The following are excerpts from the four shareholder proposals that TPL management is petitioning the SEC to not address:
Stockholder Proposal of Gabi Gliksberg
Shareholders ask our Board of Directors to take the steps necessary to permit removal of directors by a majority vote of shareholders, with or without cause, to the fullest extent possible and that this be called out in the bylaws and/or Articles of Incorporation.
TPL’s present bylaws provide excessive job security for the Board of Directors. The bylaws can provide job security to a director who clearly needs to be removed but the director insists with finding fault with credible evidence. In addition, the bylaws can even provide job security to a director who has been convicted of a felony by a court of competent jurisdiction so long as that conviction remains subject to direct appeal!
Shareholders should hold the power to vote on removing directors without the need for cause. This proposal represents an important step forward in director accountability.
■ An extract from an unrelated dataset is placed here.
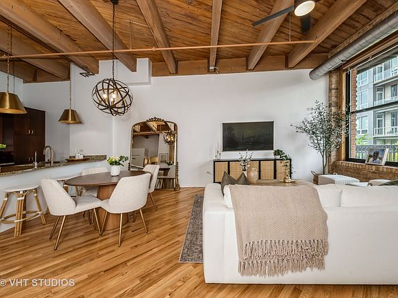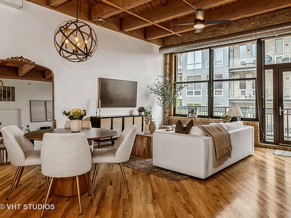 Nicely updated true 1 bedroom with balcony in West Loop's No. Ten Lofts! This 870 sq ft. stylish & historical brick & timber loft is an exterior unit with views over pleasant tree-lined Aberdeen, and gets fabulous natural light from west facing wall-to-wall windows and glass door leading out to a private 17 foot balcony. The open concept living space with combined living/dining room flows seamlessly into the kitchen with flat modern cabinetry, freshly refinished HW flooring ('23), neutral granite countertops, breakfast bar, and all new KitchenAid stainless steel appliances ('23/'24) . Bedroom is generous, fully enclosed and features new HW flooring ('23), wall-to-wall windows and a professionally organized walk-in closet. Features include In-unit laundry w/new washer dryer ('23), new lighting & fans throughout (closet, bedroom, kitchen, living room) & additional storage cage. 1 attached heated, extra wide deeded garage parking spot is available for purchase for $25K. No. Ten Lofts is a full amenity "Lifestyle Building" with 24 hour doorstaff, on-site management and maintenance, common courtyard, dog run, exercise room with the latest equipment, yoga room, business center, clubhouse room with billiards, walk-out terrace and grills, and entertainment suite movie theater room with stadium seats & reclining sofa chairs. Experience city living at its best with all the conveniences at your doorstep! Just steps to all the top rated restaurants on bustling Randolph Street, Mary Bartelme Park and Skinner Park, CTA, Metra, the Loop, Target, Marianos, Whole Foods, & so much more!

Stockholder Proposal of Jason Hubert
Shareholders request that TPL’s Board of Directors perform a review of the
Company’s processes surrounding the preparation of its SEC-filed Proxy
Materials.
Stockholder Proposal of Lion Long Term Partners LP
Resolved, that the Board of Directors of the Company adopt a policy
whereby, in connection with any proposal to increase the authorized number of
shares of common stock of the Company, other than solely through a stock split,
the Company request the New York Stock Exchange (“NYSE”), when first
submitting the Company’s proxy materials to the NYSE for review, not to categorize
such proposal as routine under Rule 452 of the NYSE’s Guide.
Stockholder Proposal of Special Opportunities Fund
RESOLVED: The stockholders will consider it a breach of fiduciary duty for the board of directors to authorize severance pay for any senior manager in excess of such individual’s base annual compensation unless it is unanimously approved.
SUPPORTING STATEMENT: The Company has been engaged in contentious litigation with certain directors. Given this tension in the boardroom, we believe it is possible that at some point there may be changes to the board of directors and to senior management. The purpose of this non-binding proposal is to advise the directors that the stockholders believe that, unless unanimously approved by the board, authorizing any severance pay that would constitute a lucrative golden parachute for any senior manager may be subject to a legal challenge as a breach of a director’s fiduciary duty.
Talking my book but all seem prudent and in keeping with good governance to me. We’ll probably never know (though we can suspect) who has/had the real decision rights behind many of the micro actions (such as trashed proposals) taken by the company that were so obviously contrary to the wishes of engaged investors. Perhaps the “refreshed” board (and by extension management team) will foster a culture of prioritizing shareholder interests over entrenchment, ego, and contempt.